Tahiti Tourisme CEO Paul Sloan announced the "Take Me to Tahiti" campaign last month to showcase French Polynesia as more than a honeymoon destination, one with many options for couples and families as well as a rich, welcoming culture.

The campaign was announced at the group's inaugural Parau Parau Tahiti travel mart, which brought 32 tour operators from North and South America, Australia and New Zealand for two days of one-on-one meetings, along with options to add fam trips across some of its more than 100 lesser-known islands.

Parau Parau Tahiti, Sloan said, was organized, in part, to help the tour operators learn more about French Polynesia's many hidden islands, unique activities for travelers of all ages and small guesthouses, the owners of which can't afford to travel to the larger Pacific and international travel trade shows.

"A big chunk of what we are doing, a big objective, is to show the diversity that we have," Sloan said."Overwater bungalows were invented here 50 years ago. But now they're found everywhere in the world. … So what we have is awesome. But the reality is, what sets us apart is the other part of the experience."

During a panel discussion, tour operators talked about the need to educate travelers and agents about destinations beyond Bora Bora, which is known largely as a honeymoon and romance hot spot.

Tahiti, said Tara Lano, director of leisure marketing at Flight Centre USA, has hotel chains "that Americans are not familiar with, islands that Americans have never heard of."

Tour operators also emphasized the need for more product, especially when the low-cost carrier French Bee and United Airlines launch service from San Francisco later this year. French Bee's inaugural flight is May 11, and United is expected to start service in October. Currently, the only direct flights from the mainland are from Los Angeles on Air Tahiti Nui, which will take delivery of its first of four new Dreamliners this year.

To help meet new and growing demand, Sloan said Tahiti Tourisme is working to connect guesthouses with tour operators so they can more easily develop comprehensive packages that tap into the island's family-run inns, which range from rooms in private homes to small properties with four or five luxury beach bungalows, across Tahiti's far-flung islands.

Tahiti has 2,800 traditional hotel rooms and 1,400 guesthouse rooms, offering great opportunities for packages that Sloan said let travelers "totally mix and match," spending a few days on a remote island backpacking and experiencing a true slice of Polynesian life, then moving to one of the bigger luxury resorts for the iconic overwater experience and spas.

Mary Jeanine Cater, managing director of Tahiti.com, said she is excited about new opportunities for selling Tahiti, noting there is "huge, swelling demand for culturally rich experiences."

The island of Raiatea, for instance, is home to a new Unesco World Heritage Site, the sacred Taputapuatea marae from which Polynesians launched their expansion across the South Pacific some 1,000 years ago.

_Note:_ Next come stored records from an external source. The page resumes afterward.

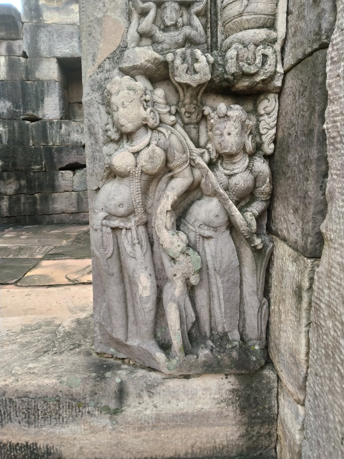 Cave 4 posses the famous grand carved relief of Bhu Varaha - Lord Vishnu as Varaha saving Godess Bhu Devi from the depths of primordial waters. It is perhaps the first representation of it's kind in the world. The carving also has miniature images of Gods, Asuras, Lord Varuna i.e, Samudra, River Godesses Ganga and Yamuna along with other celestial beings observing the event with reverential interest. Cave 6, attributed to one of the feudatories of Gupta Emperor Chandargupta II Vikramaditya has a carving of Lord Ganesha embedded on it's wall - perhaps the first of it's kind in India. Cave 9 is the famous Tawa cave - named as such because the roof resembles an upturned sauce-pan i.e, Tawa. En route to the top of the first hill - there's another wall embedded carving - Lord Vishnu as Narasimha - again, the first representation of it's kind. Thus, Udayagiri posseses so many firsts! Atop the second hill, there is an old granary and quary too!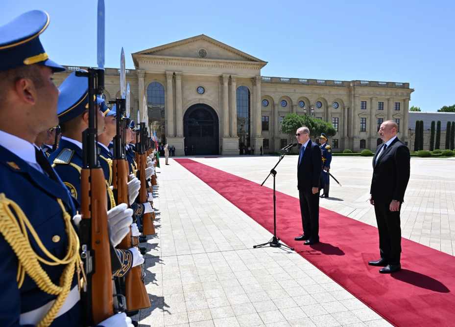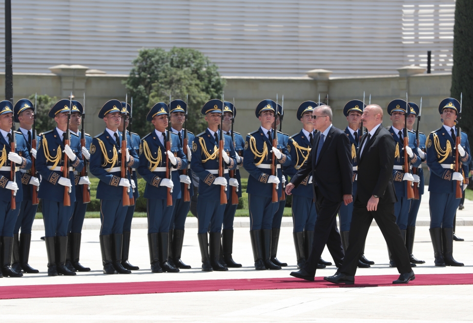 Fəxri qarovul dəstəsi hərbi marşın sədaları altında Azərbaycan Prezidenti İlham Əliyevin və Türkiyə Prezidenti Rəcəb Tayyib Ərdoğanın qarşısından keçib.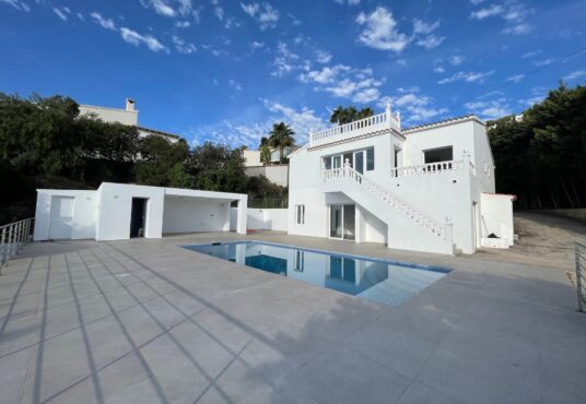 Moderne Ibiza style villa met 4 slaapkamers, 3 badkamers prive zwembad (v.a. 2026 verwarmbaar zwembad) en prachtig zeezicht Benissa randje Moraira

Although visitor numbers to Tahiti were up 8% last year (the fourth consecutive year of increases), conference delegates also noted that supply in Tahiti has been stagnant, and they talked about the competition from lower-cost destinations like the Maldives, which Sloan said now has two-thirds of the world's overwater bungalows. Destinations like Mexico and the Caribbean are also adding the once Tahiti-centric product, along with all-inclusive packages that many Americans like. The only all-inclusive product in Tahiti is at the Brando, one of the world's most exclusive destinations.

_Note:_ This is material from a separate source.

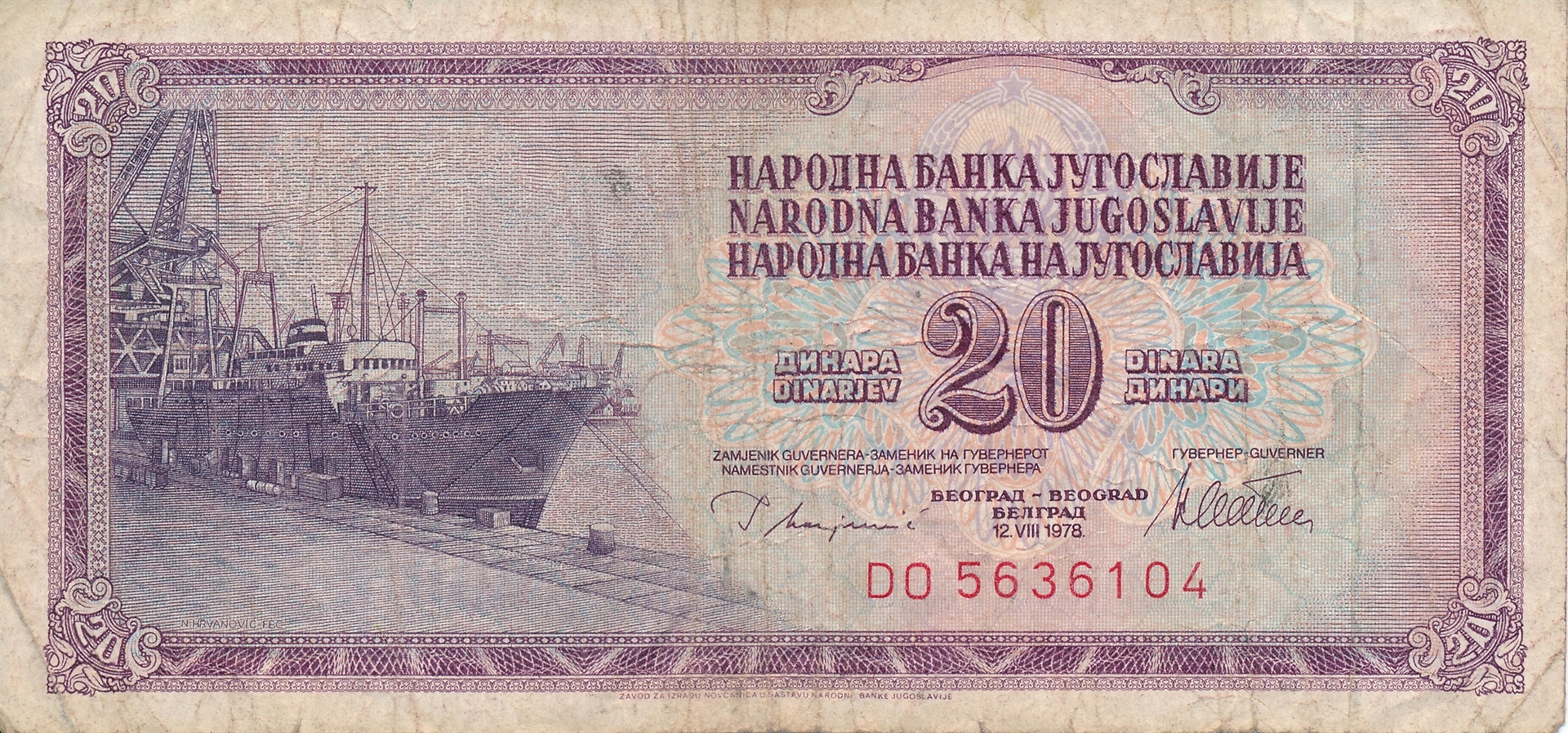 Na lijevoj strani prikaz broda u luci. Na desnoj strani nalazi se serijski broj, potpisi i nominala.

Guesthouses, Sloan said, offer a more authentic taste of Polynesian life at a lower price point that averages about $100 night.

Although popular with European travelers, the challenge, said Marta Visu, vice president of Pacific Holidays, is getting to know the product and which guesthouses meet American travelers' standards.

To help, Kristin Kemper, managing director of Tahiti Tourisme USA, said the group's new website has pages where guesthouses and activity operators can add information about their products. Tahiti Tourisme is also focusing public relations efforts on promoting guesthouses and products like sailing charters and dive shops.